Shares of Teladoc Health (NYSE:TDOC) fell 6% on Thursday, following the release of the telehealth leader's first-quarter results.
Teladoc's revenue surged by 41% year over year, to $180.8 million. The gains were driven by a 29% rise in subscription revenue and a 93% surge in visit-fee revenue.
Notably, Teladoc saw its total paid membership in the U.S soar 60.8% to 43 million. People are also using its telehealth services more often; the total number of visits to its platform jumped 92%.
"In the first quarter of 2020 alone, Teladoc Health delivered 2 million medical visits to people around the world, while simultaneously expanding access to millions of new members," CEO Jason Gorevic said in a press release. "As our clients and consumers have turned to us during these unprecedented times, our proven ability to meet their needs has elevated our global leadership role and accelerated our impact on the healthcare system overall."

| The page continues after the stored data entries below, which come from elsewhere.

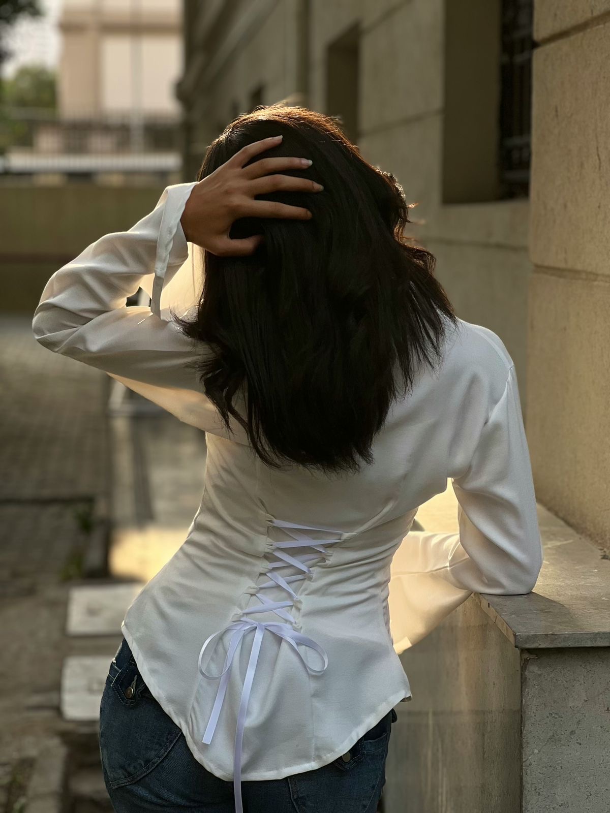 Elevate your style with this chic burgundy blouse. Featuring long sleeves and a classic button-down front, this shirt offers a timeless yet contemporary aesthetic. The subtle shaping ensures a flattering fit, while the unique back detail adds a touch of modern sophisticatione.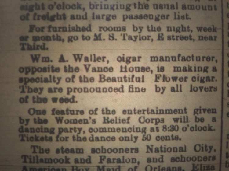 As found in the February 11th 1889 Humboldt Daily Standard.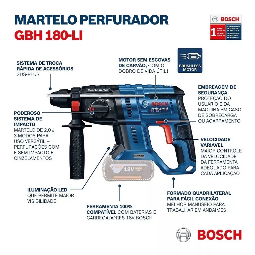 Martelete Perfurador Bosch A Bateria 18v 4ah Gbh 180-li Brushless Sem Carregador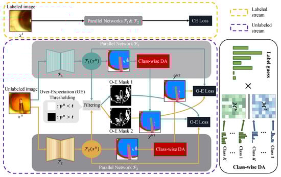 Overview of Co-DA for semi-supervised medical image segmentation, which consists of a stream for labeled data and a stream for unlabeled data. and are two parallel networks with the same architecture but different initializations. For labeled data, the standard cross-entropy loss (CE Loss) is used. For unlabeled data, and are pseudo-labels given by Equation (8), and we use the aligned output distribution from one network to supervise the other one. For the over-expectation cross-entropy loss (O-E Loss) in Equation (10), denotes the class probability corresponding to the pseudo-labels, t stands for the threshold given by Equation (9) and the O-E Masks are the thresholded binary masks to filter out pixels with low confidence in their pseudo-labels. We use class-wise DA to align marginal distributions for each class to better deal with imbalanced datasets. Here, and denote the labeled and the unlabeled marginal distributions.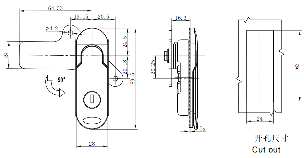 Lock body, handle :Zinc alloy or Stainless steel 304

Investors, however, appear to be focusing on Teladoc's net loss per share, which, at $0.40, was larger than the $0.35 loss Wall Street was expecting.
After Teladoc's incredible gains in 2020 (its stock had more than doubled prior to its earnings release), it's understandable that some investors decided to take some profits off the table. But long-term investors might want to hold on to their shares, as Teladoc is still early in its growth cycle.